Another challenge of implementing NIST CSF is that the framework itself is not one-size-fits-all. This means that what would work regarding implementation for one organization may not work for others.
A relatively recent survey has determined that some of the key challenges organizations face regarding implementation are automation and staffing challenges. The survey revealed that over 50% of organizations have a cybersecurity program that is less than 25% automated, with less than 10% reporting more than 75% automation. Around 50% say their cybersecurity program is understaffed and around 100% believe the scope of their role will grow over time.
In another study conducted by the Government Accountability Office (GAO) in 2018, organizations reported challenges associated with implementation. The four major challenges were:
- Limited resources available to commit to implementation
- Lack of knowledge and skills necessary to successfully implementing NIST CSF
- Pre-existing regulatory and other industry-related requirements inhibit implementation
- Other organization-related priorities taking precedence over NIST CSF adoption and implementation
As you can see, implementing NIST CSF is not without its challenges.

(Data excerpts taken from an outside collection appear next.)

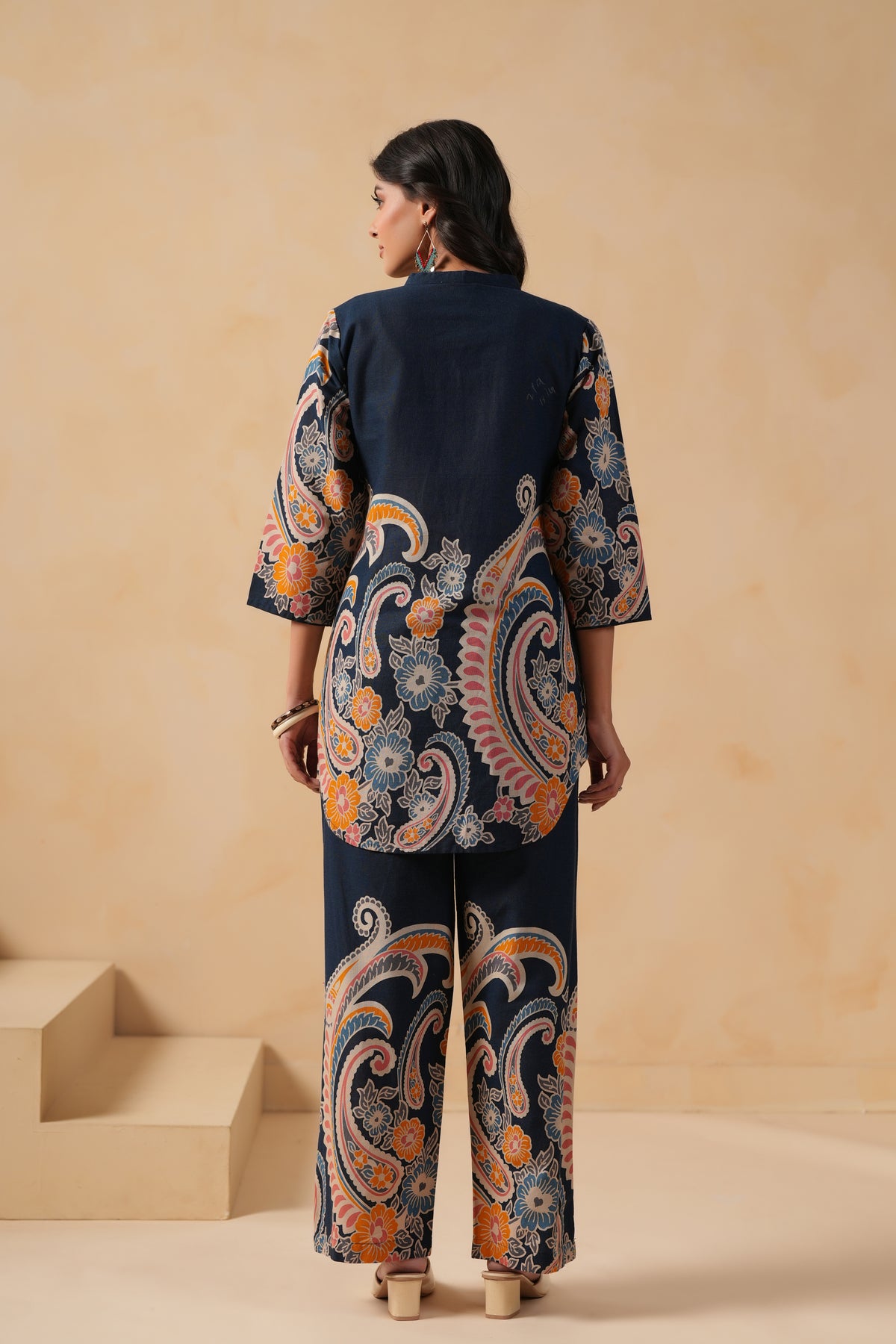 Add a touch of elegance to your everyday style with this Blue Cotton Flex Designer Printed Co-Ord Set. The top features a beautiful floral print with potli buttons on the front panel, a mandarin neckline, and 3/4 regular sleeves. Designed in a comfortable thigh-length silhouette, it pairs perfectly with matching printed pants featuring a semi-elastic waistband and two side pockets. Ideal for casual outings and daily wear, this set combines comfort with effortless charm.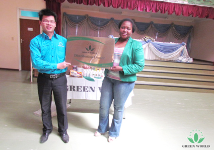 En mai de cette année, directeur Huang a fait l’exploitation du marché à Lesotho Maseru et a permis aux distributeurs que si les distributeurs à Lesotho ont obtenu un bon résultat en 3 mois, il établirait un magasin pour faciliter les distributeurs acheter les produits de Green World.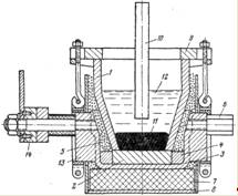 корпус; 9—чугунное кольцо; 10—графитовый анод; 11—расплавленный мишметалл; 12—расплавленный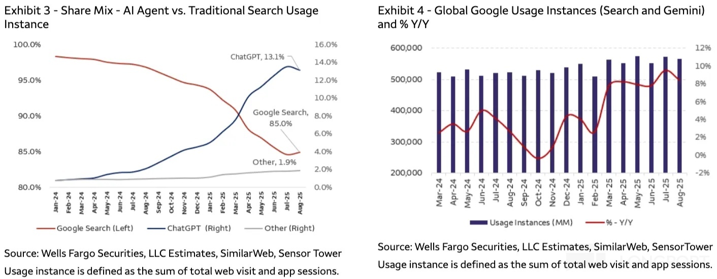 一方面,搜索上 AI Overview 和 AI Mode 拉高了用戶活躍,將二季度跌到 90% 以下份額的谷歌重新又拉了回來。同時谷歌還通過新產品 Nano Banana 將 Gemini 生態的活躍度進一步激活。

With that said, these challenges should not make implementing the framework prohibitively impossible — although it may take some adjusting for an organization that is faced with these challenges.
Best practices
While best practices are baked into the framework core, the following are some proactive best practices you can take to help deal with these challenges.

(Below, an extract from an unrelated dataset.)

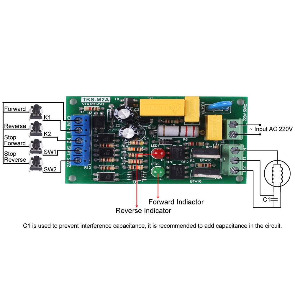 TKS-M2A-это двунаправленный модуль ler для управления двигателем переменного тока 220 В с автоматической блокировкой при помощи пускового механизма низкого уровня. Пользователи могут запускать и управлять передним и обратным вращением управляемого светодиодного оборудования в соответствии с потребностями, такими как автоматический переключатель штор, автоматическое управление ходовым ходом.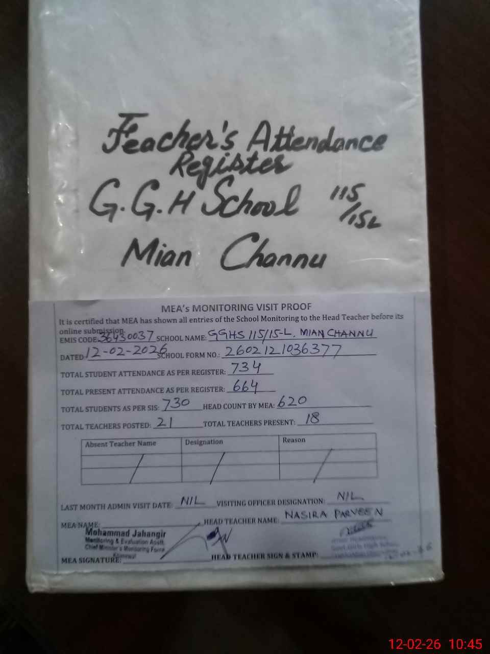 | EMIS Code: 36430037 | Name of School: GGHS 115/15-L, MIAN CHANNU | |||

Understand your organization
To help deal with the challenges above, an organization needs to fully understand its needs and how the framework can fit the organization first and foremost. This requires a close examination of an organization’s unique needs as well as an understanding that the open-endedness was intended to help the framework fit as many organizations as possible.
Every organization faces different threats, vulnerabilities and risk tolerances and NIST CSF is designed to account for these unique challenges by virtue of its open-endedness.
Automate!
Automation increases an organization’s ability to respond to threats as well as to confidently report to their Board about their cybersecurity posture and provides an overall strong cybersecurity foundation.

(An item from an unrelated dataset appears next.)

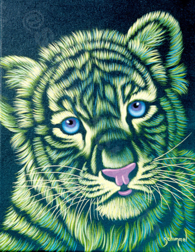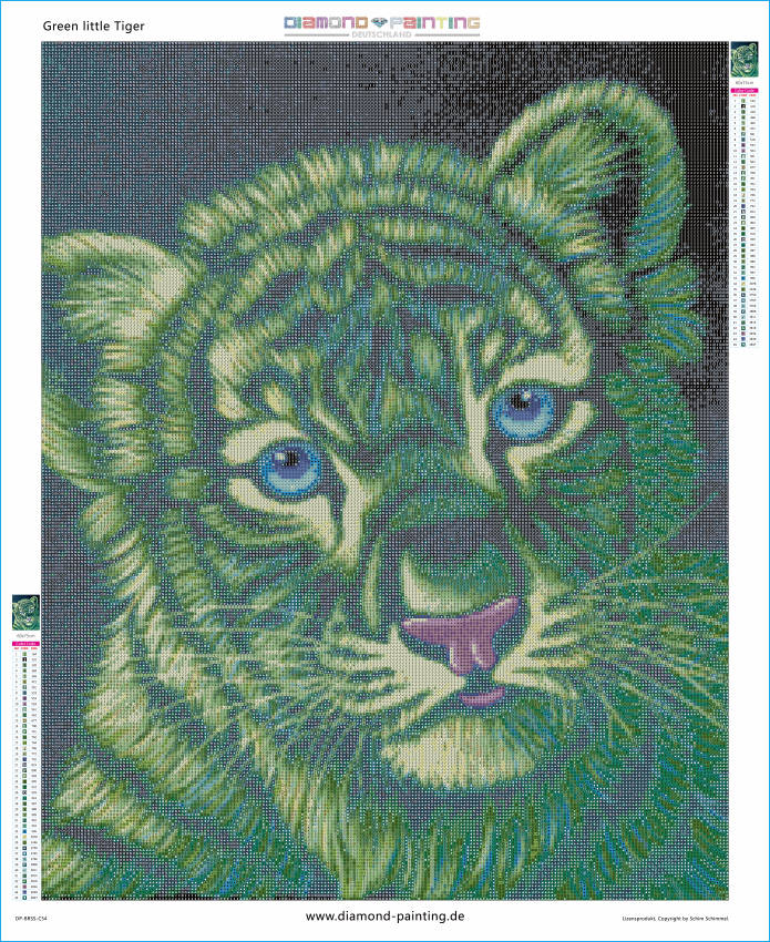 Discover the world of Schim Schimmel with the Diamond Painting picture "Green little Tiger" and create your works of art!

A commonly-reported challenge by organizations that have implemented NIST CSF is the challenge of establishing an automated risk and compliance program and many still rely mostly on manual processes. In fact, it is worth stating again that over 50% of organizations in a recent study indicated that their NIST CSF implementation is less than 25% automated. Organizations that automate as many NIST CSF processes as possible will experience a more efficient implementation.
Prioritization
Another commonly-recurring theme in the challenges is that many organizations do not give their implementation of the framework the proper prioritization it deserves. This manifests as a lack of necessary resources allocated toward it, leading to an ineffective implementation.
It rests on the shoulders of IT and information security leadership to communicate to VIPs in the organization just how important NIST CSF can be to your organization in these situations. If you are in these shoes, double down on making your voice heard by organization leadership and you will have a better chance of having your implementation receive the resources it deserves.
Sometimes organizations forgo giving prioritization to NIST CSF because other organization-related priorities are deemed more important. In this case, you should communicate more with organization leadership about just how important the framework is to your organization. Even if an immediate reprioritization does not happen, it will keep the idea fresh in their minds, which may develop into giving more priority to the framework.
Talent acquisition
Not having the right talent and knowledge to successfully implement NIST CSF is another common challenge. Organizations should put effort into attracting the right talent that has specialized experience and talent related to NIST CSF implementation. This can be from traditional job postings or even from plucking talent from other organizations that have had success with implementation.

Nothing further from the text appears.